Here's a complete example showing how to train an EBM using Contrastive Divergence loss:

import torch
import torch.nn as nn
import torch.optim as optim
import numpy as np
import matplotlib.pyplot as plt
from torch.utils.data import DataLoader

from torchebm.core import BaseModel
from torchebm.samplers import LangevinDynamics
from torchebm.losses import ContrastiveDivergence
from torchebm.datasets import TwoMoonsDataset

class MLPModel(BaseModel):
    def __init__(self, input_dim, hidden_dim=64):
        super().__init__()
        self.network = nn.Sequential(
            nn.Linear(input_dim, hidden_dim),
            nn.SELU(),
            nn.Linear(hidden_dim, hidden_dim),
            nn.SELU(),
            nn.Linear(hidden_dim, 1),
            nn.Tanh(),
        )

    def forward(self, x):
        return self.network(x).squeeze(-1)

device = torch.device("cuda" if torch.cuda.is_available() else "cpu")

INPUT_DIM = 2
HIDDEN_DIM = 16
BATCH_SIZE = 256
EPOCHS = 100
LEARNING_RATE = 1e-3
CD_K = 10
USE_PCD = True

dataset = TwoMoonsDataset(n_samples=3000, noise=0.05, seed=42, device=device)
dataloader = DataLoader(dataset, batch_size=BATCH_SIZE, shuffle=True, drop_last=True)
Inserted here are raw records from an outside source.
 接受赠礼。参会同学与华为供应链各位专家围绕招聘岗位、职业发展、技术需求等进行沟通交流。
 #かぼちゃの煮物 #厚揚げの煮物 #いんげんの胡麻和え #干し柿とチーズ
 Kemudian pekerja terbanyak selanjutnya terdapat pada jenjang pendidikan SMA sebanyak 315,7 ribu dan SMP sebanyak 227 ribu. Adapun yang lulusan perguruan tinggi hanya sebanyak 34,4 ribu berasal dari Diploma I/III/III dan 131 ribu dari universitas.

model = MLPModel(INPUT_DIM, HIDDEN_DIM).to(device)
sampler = LangevinDynamics(
    model=model,
    step_size=0.1,
    device=device,
)
loss_fn = ContrastiveDivergence(
    model=model,
    sampler=sampler,
    k_steps=CD_K,
    persistent=USE_PCD,
    buffer_size=BATCH_SIZE
).to(device)

optimizer = optim.Adam(model.parameters(), lr=LEARNING_RATE)

losses = []
print("Starting training...")
for epoch in range(EPOCHS):
    model.train()
    epoch_loss = 0.0

    for i, data_batch in enumerate(dataloader):
        optimizer.zero_grad()

        loss, negative_samples = loss_fn(data_batch)

        loss.backward()

        torch.nn.utils.clip_grad_norm_(model.parameters(), max_norm=1.0)

        optimizer.step()

        epoch_loss += loss.item()

    avg_epoch_loss = epoch_loss / len(dataloader)
    losses.append(avg_epoch_loss)
    print(f"Epoch [{epoch+1}/{EPOCHS}], Average Loss: {avg_epoch_loss:.4f}")
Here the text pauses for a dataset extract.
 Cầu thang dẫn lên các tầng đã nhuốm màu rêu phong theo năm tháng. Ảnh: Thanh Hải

plt.figure(figsize=(10, 6))
plt.plot(losses)
plt.xlabel('Epoch')
plt.ylabel('Loss')
plt.title('Training Loss')
plt.grid(True, alpha=0.3)
plt.tight_layout()
plt.savefig('docs/assets/images/loss_functions/cd_training_loss.png')
plt.show()

CD Training Loss

Choosing the Right Loss Function

Different loss functions are suitable for different scenarios:

  • Contrastive Divergence: A good general-purpose method, especially for complex energy landscapes.
  • Persistent CD: Can provide better mixing properties than standard CD, but requires more memory for the replay buffer.
  • Score Matching: Avoids MCMC sampling but can be numerically unstable and computationally expensive in high dimensions.
  • Sliced Score Matching: A scalable and more stable version of Score Matching, suitable for high-dimensional data.
  • Denoising Score Matching: More stable than standard score matching and computationally efficient, making it a good choice for many problems.

Tips for Stable Training

  1. Regularization: Add L2 regularization to prevent the energy from collapsing.
  2. Gradient Clipping: Use torch.nn.utils.clip_grad_norm_ to prevent unstable updates.
  3. Learning Rate: Use a small learning rate, especially at the beginning of training.
  4. Sampling Steps: Increase the number of sampling steps (k_steps in CD) for better quality negative samples.
  5. Batch Size: Use larger batch sizes for more stable gradient estimates.
  6. Parameter Schedulers: Use schedulers for sampler parameters to improve mixing during MCMC.
  7. Monitor Energy Values: Ensure the energy values for positive and negative samples do not collapse or diverge.